The boar was almost upon him. Time seemed to slow.
He didn't dodge. He didn't block.
He raised a single hand, palm open.
He didn't reach for Fire or Lightning or Space. He reached for the concept of Stop.
The air in front of his palm didn't warp or crackle. It crystallized. Not into ice, but into a perfect, hexagonal lattice of solidified reality, shimmering with a faint, silver sheen. It was the same energy he'd discovered in the coliseum, but now, it was controlled. Intentional.
The Scarlet Boar, a creature of momentum and brute force, hit the immovable object.
The sound was not a crash, but a deep, resonant THUMP that vibrated through the very ground. The boar's charge halted utterly. Its neck snapped forward with whiplash force. It staggered, dazed, a low, confused whimper escaping its throat.
It was the opening.
Anya was there. She didn't leap. She simply appeared, having pushed her Enhancement to its absolute limit. Her entire body was sheathed in a corona of violent, brilliant jade. She didn't punch. She thrust her hand, fingers together like a blade, into the exact spot on its flank she had pointed out two years prior.
There was a wet, tearing sound, and then a sudden, profound silence.
The light around her faded. The crystalline lattice before Deo dissolved into motes of silver light.
The Scarlet Boar stood for a moment, then its legs buckled. It collapsed to the ground, its fiery hide dimming to a dull, cooling crimson. It was not dead, but completely, utterly subdued.
The jungle was silent, as if holding its breath.
Anya stood over the beast, her chest heaving, her knuckles bloody.

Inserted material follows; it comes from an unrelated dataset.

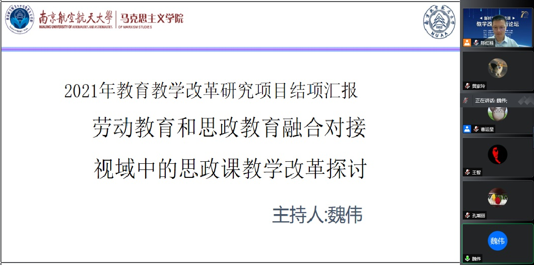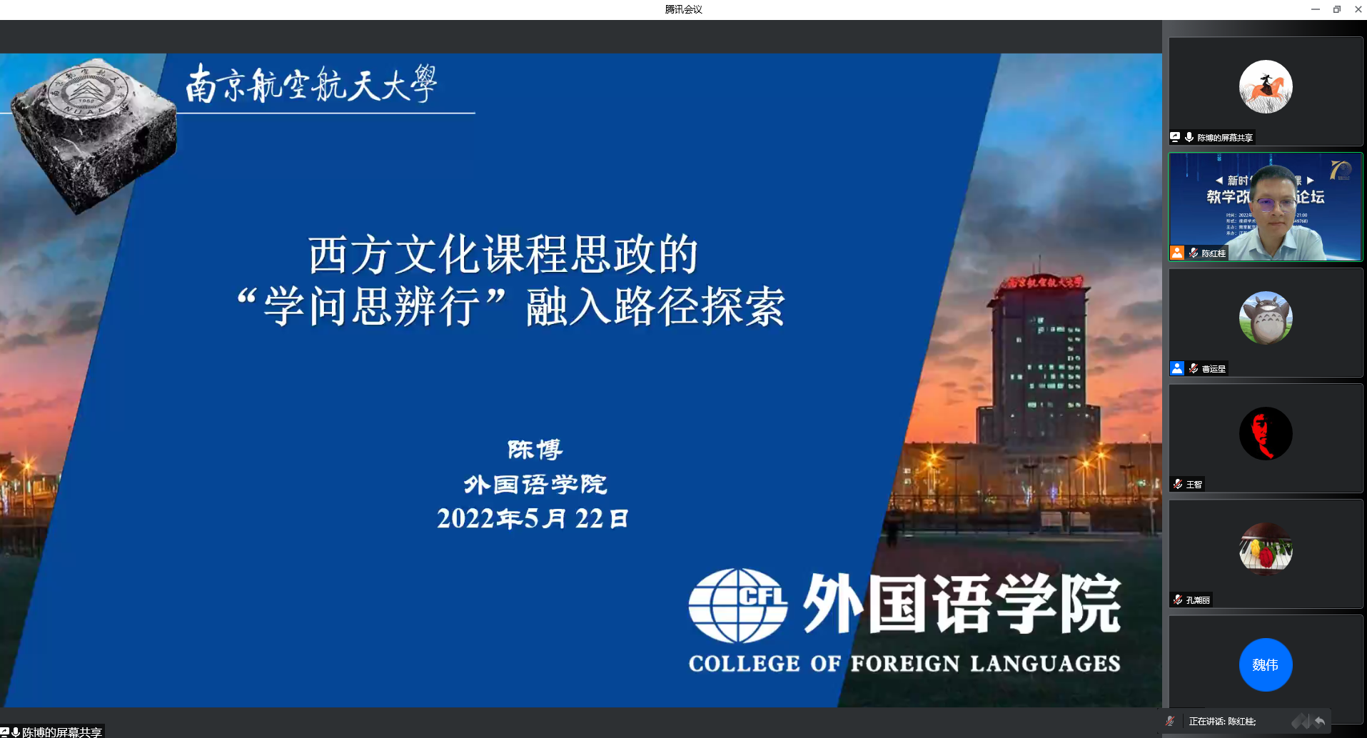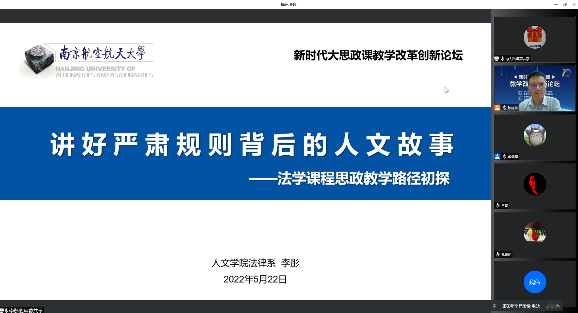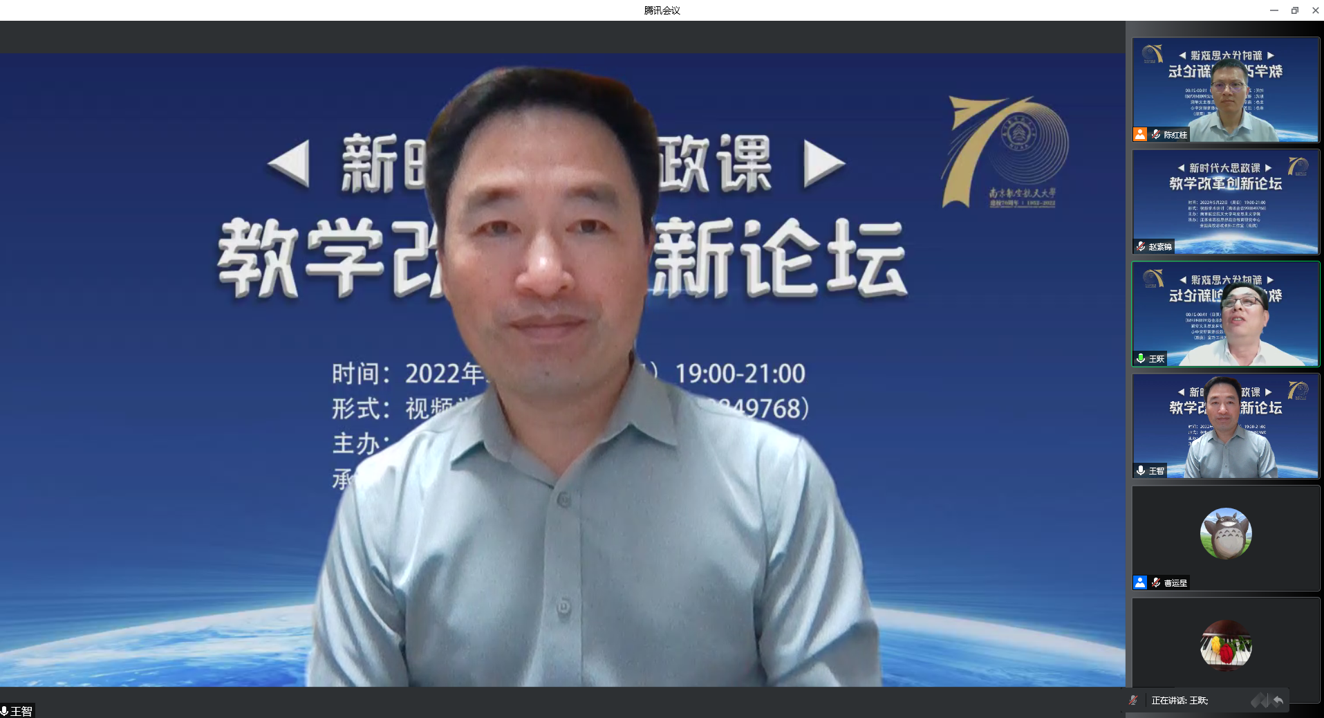 2022年5月22日,由伟德bv1946官网、江苏省高校思想政治教育研究中心、全国高校思政名师工作室(南航)主办的新时代大思政课教学改革创新论坛在公司召开。来自南京大学、南京师范大学、苏州大学、河海大学、南京农业大学、江南大学、南京艺术公司等多所高校的专家学者,以线上方式参加了本次论坛。

She turned slowly and looked at Deo.
There was no wild grin, no triumphant shout. Her eyes were wide, filled with an emotion he hadn't seen in so, so long. It was more than awe. It was respect.
Deo lowered his trembling hand. The fear was still there. The Warden was still in his mind. But he had just proved, to both of them, that he could open the door.
He met her gaze and gave a single, slow nod.
They had done it.
It had taken two years. But they had done it together.